» **RECORDS FOR THE EXERCISE**:
- - - -

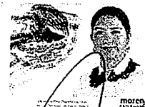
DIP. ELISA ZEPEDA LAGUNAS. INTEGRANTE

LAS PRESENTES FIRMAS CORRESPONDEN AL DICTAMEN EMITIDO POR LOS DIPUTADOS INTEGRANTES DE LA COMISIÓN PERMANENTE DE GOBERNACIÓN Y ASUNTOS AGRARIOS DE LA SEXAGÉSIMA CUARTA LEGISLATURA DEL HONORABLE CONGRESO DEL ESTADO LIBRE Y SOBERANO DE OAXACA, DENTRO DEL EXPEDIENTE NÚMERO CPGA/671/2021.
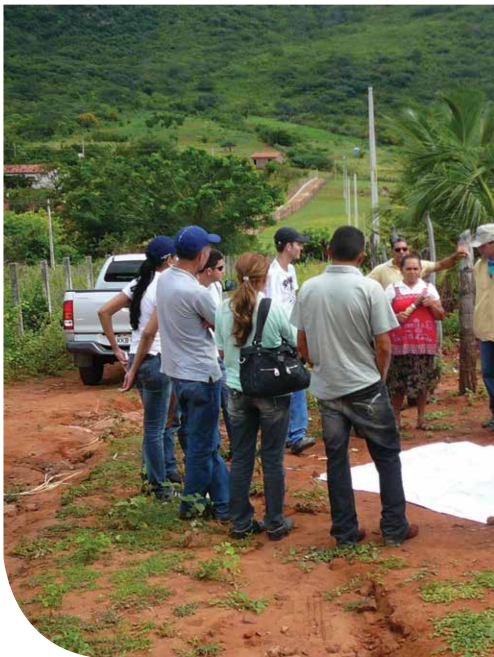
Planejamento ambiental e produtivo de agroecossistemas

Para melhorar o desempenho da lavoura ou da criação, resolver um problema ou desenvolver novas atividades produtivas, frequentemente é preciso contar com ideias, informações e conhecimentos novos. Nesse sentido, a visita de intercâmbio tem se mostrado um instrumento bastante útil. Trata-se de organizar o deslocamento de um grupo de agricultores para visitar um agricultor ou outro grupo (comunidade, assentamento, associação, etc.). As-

- - - -

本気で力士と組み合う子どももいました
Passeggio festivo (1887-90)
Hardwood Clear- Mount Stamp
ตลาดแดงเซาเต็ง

- - - -

» **PROBLEM**: Using the entries above, repeat only the lines from the one containing "Planejamento ambiental e" through the one containing "Para melhorar o", end lines included.

» **YOUR RESPONSE**:
Planejamento ambiental e produtivo de agroecossistemas

Para melhorar o desempenho da lavoura ou da criação, resolver um problema ou desenvolver novas atividades produtivas, frequentemente é preciso contar com ideias, informações e conhecimentos novos. Nesse sentido, a visita de intercâmbio tem se mostrado um instrumento bastante útil. Trata-se de organizar o deslocamento de um grupo de agricultores para visitar um agricultor ou outro grupo (comunidade, assentamento, associação, etc.). As-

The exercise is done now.